(Data to use Opens)
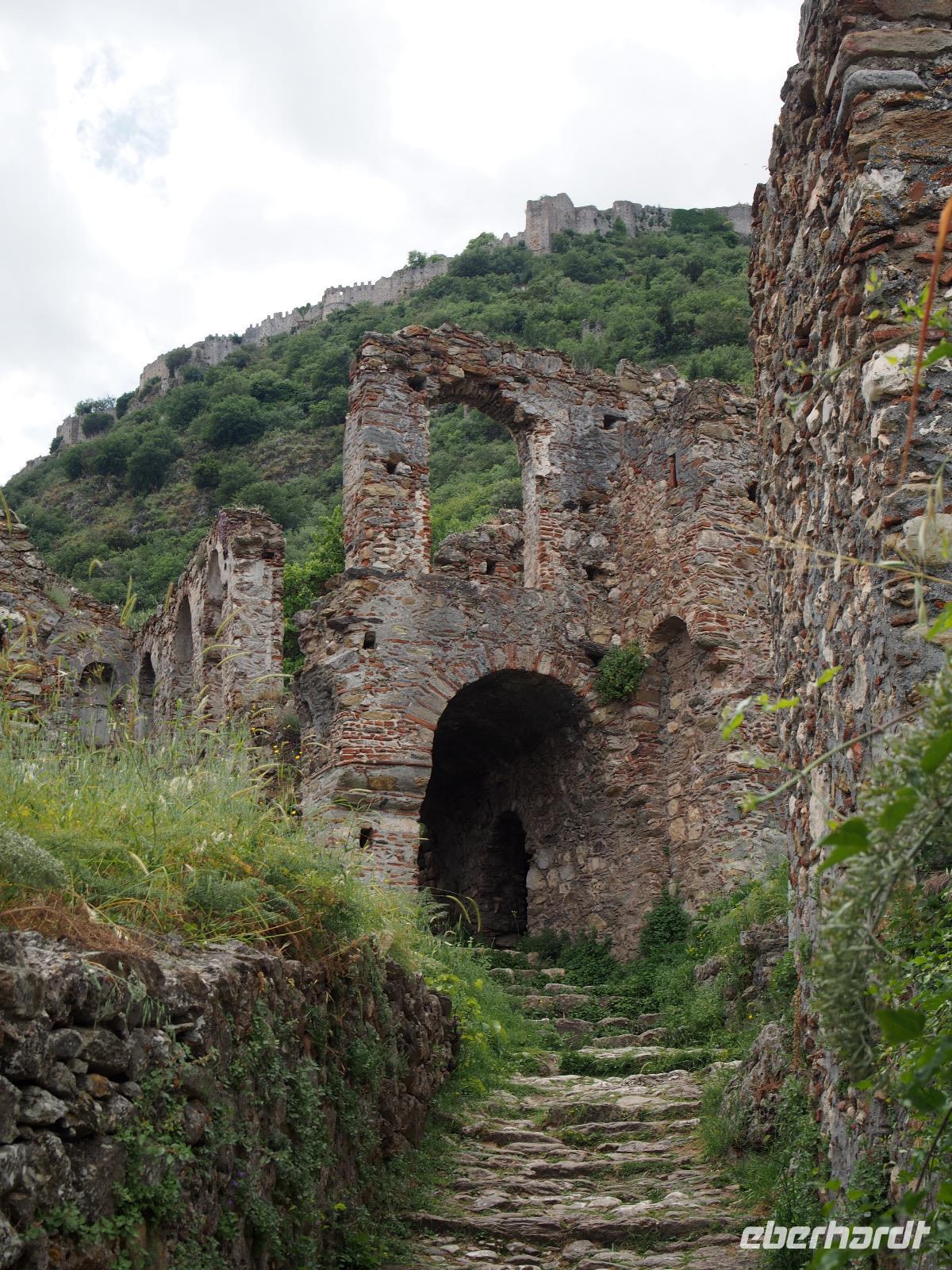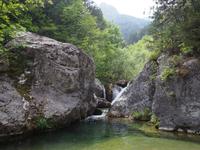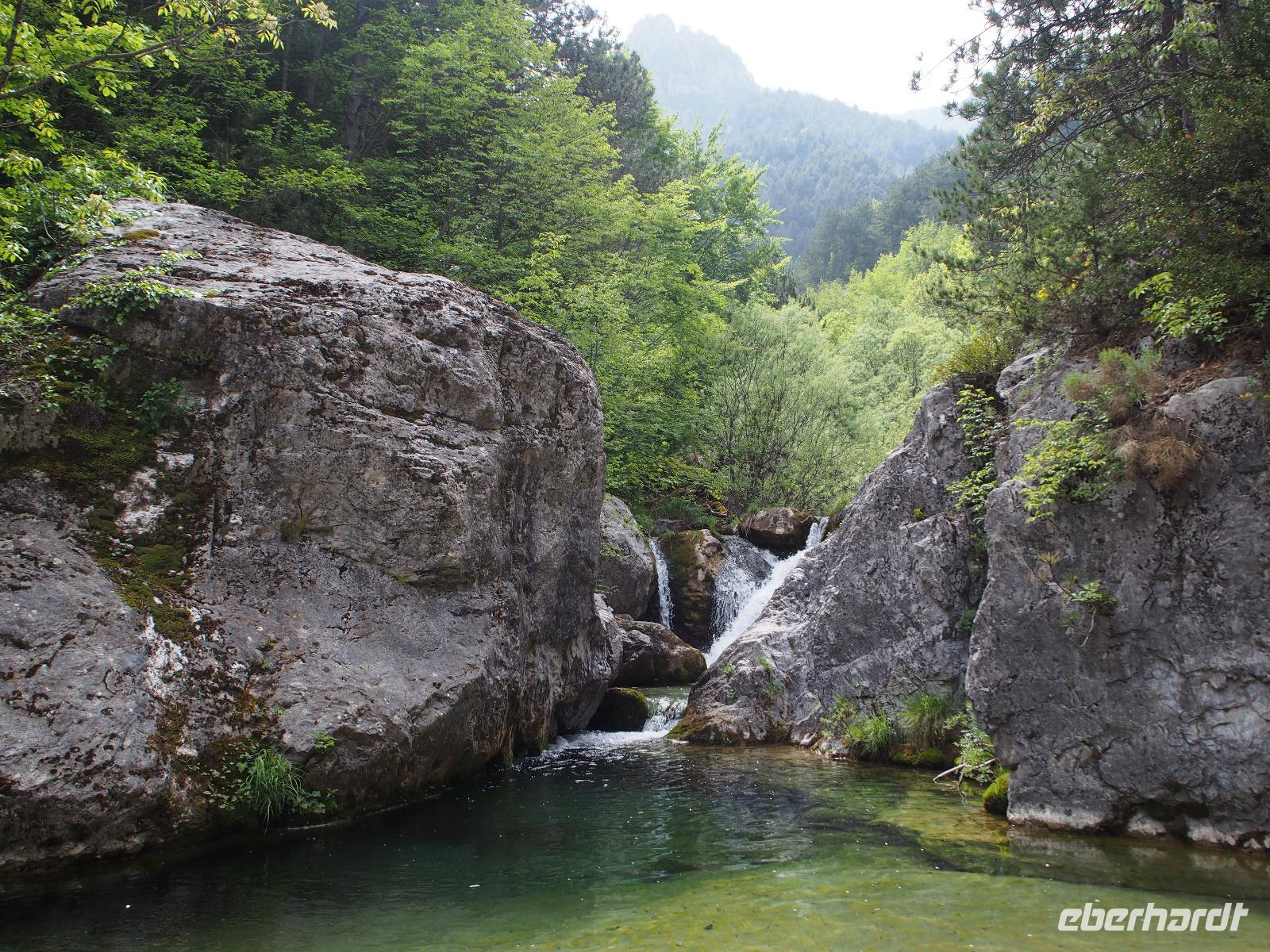 Nach dem Mittagessen treffen wir uns am Bus, der am weißen Turm auf uns wartet, und verlassen Thessaloniki in Richtung Süden. Schon nach etwa einer Stunde Fahrt können wir am Horizont den 2925m hohen Gipfel des Olymps erkennen, der heute gar nicht so sehr in Wolken gehüllt ist, wie es alle Erzählungen erwarten lassen. Die Götter scheinen uns wohlgesonnen zu sein und so entschließen wir uns für einen Abstecher nach Prionia in den Hängen des Olymp-Massivs, wohin uns eine mitunter aufregende Serpentinenstraße bringt. Von dort aus unternehmen wir eine kleine Wanderung, die uns nach etwa 25 Minuten an einen kleinen Wasserfall bringt - nach dem Großstadttreiben am Vormittag ist das eine willkommene Abwechslung. Nichtsdestotrotz war der Ausflug aufgrund der warmen Temperaturen doch relativ anstrengend und wir sind alle froh, als wir wieder in die bequemen Sitze sinken können, während uns der Bus weiter Richtung Kalampaka bringt.
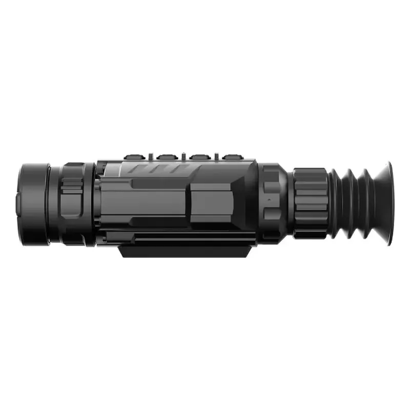 Сердце прибора – матрица iRay VOx Ceramic 384x288 с плотностью 12 мкм. Чувствительность <40mk позволяет улавливать тепло даже от далеко расположенных объектов. Максимальная дальность обнаружения предмета размером с автомобиль равна 2600 м, человека – 1818 м, кабана – 1326 м, зайца – 397 м. Большим дистанциям работы и высокой детализации тепловых изображений способствует использование 35-миллиметрового объектива из германия. Данный материал передает больше тепловой информации чем прочие аналоги.
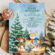 Convites de chá de bebê de inverno bonito, apresentando um fundo de neve florestal com os animais mais doces da floresta.
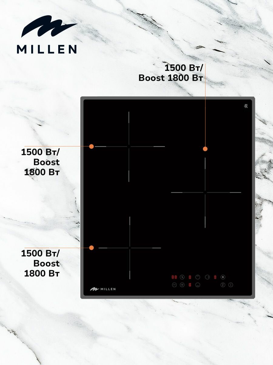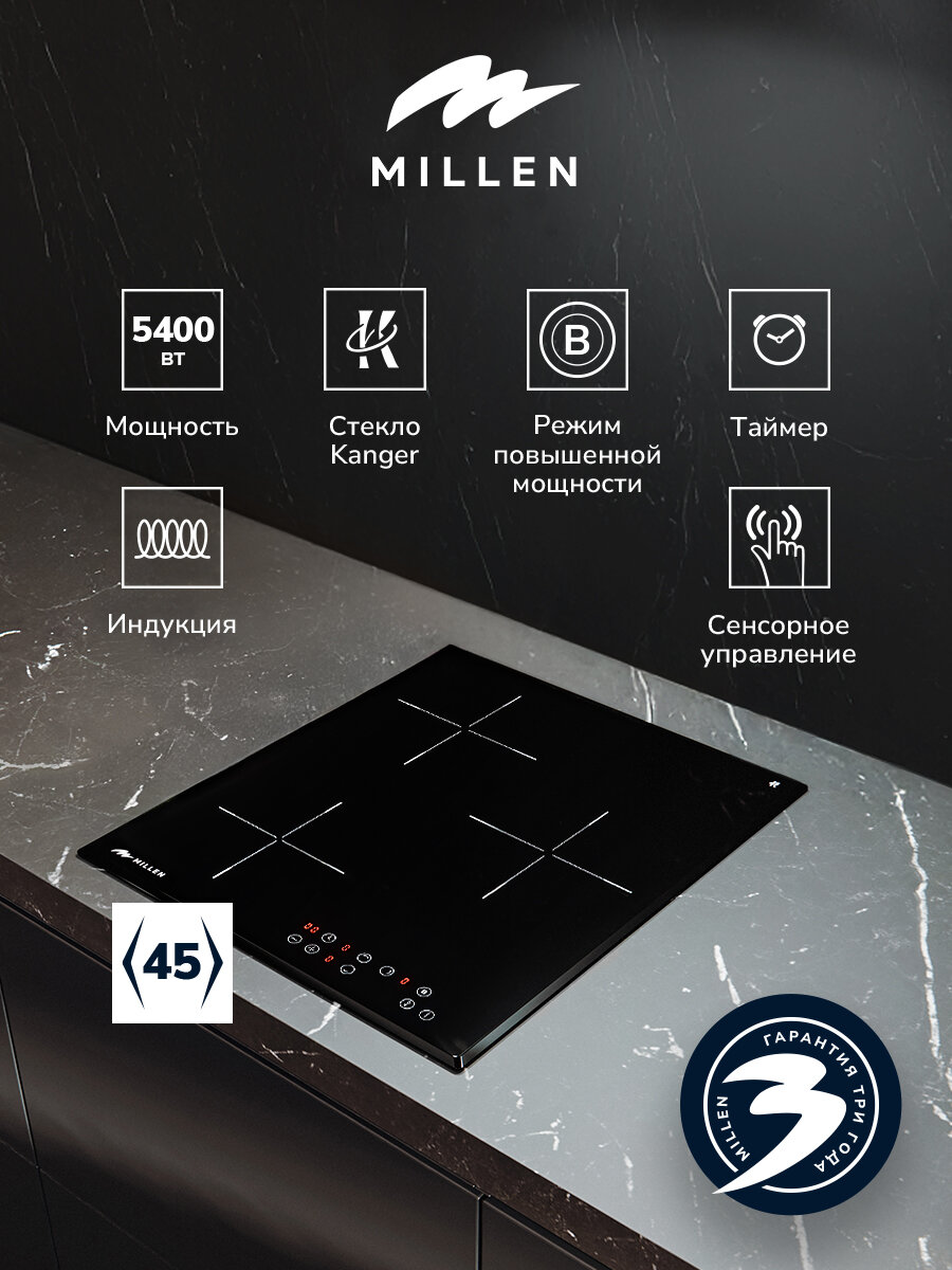 Купить Варочная панель встраиваемая, индукционная MILLEN MIH 451 BL, черный с доставкой по всей России.
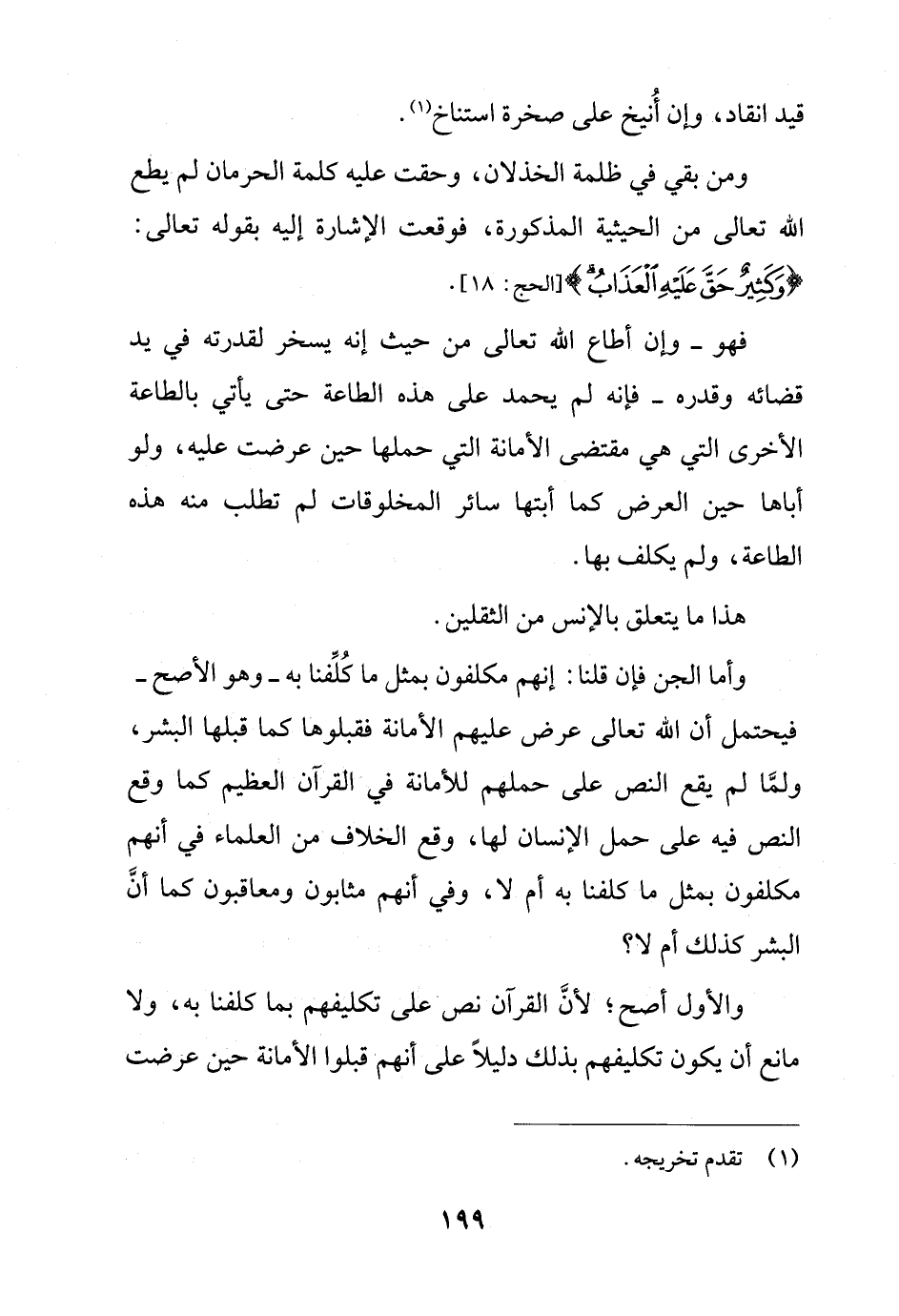 وأما الجن فإن قلنا: إنهم مكلفون بمثل ما كُلِّفنا به - وهو الأصح - فيحتمل أن الله تعالى عرض عليهم الأمانة فقبلوها كما قبلها البشر، ولمَّا لم يقع النص على حملهم للأمانة في القرآن العظيم كما وقع النص فيه على حمل الإنسان لها، وقع الخلاف من العلماء في أنهم مكلفون بمثل ما كلفنا به أم لا، وفي أنهم مثابون ومعاقبون كما أنَّ البشر كذلك أم لا؟
(Data to use Closes)
What to produce
Lines from the one that contains "Convites de chá" to the final line of the material are the whole answer. Reproduce them word for word and skip the pictures.

Answer section
 Convites de chá de bebê de inverno bonito, apresentando um fundo de neve florestal com os animais mais doces da floresta.
 Купить Варочная панель встраиваемая, индукционная MILLEN MIH 451 BL, черный с доставкой по всей России.
 وأما الجن فإن قلنا: إنهم مكلفون بمثل ما كُلِّفنا به - وهو الأصح - فيحتمل أن الله تعالى عرض عليهم الأمانة فقبلوها كما قبلها البشر، ولمَّا لم يقع النص على حملهم للأمانة في القرآن العظيم كما وقع النص فيه على حمل الإنسان لها، وقع الخلاف من العلماء في أنهم مكلفون بمثل ما كلفنا به أم لا، وفي أنهم مثابون ومعاقبون كما أنَّ البشر كذلك أم لا؟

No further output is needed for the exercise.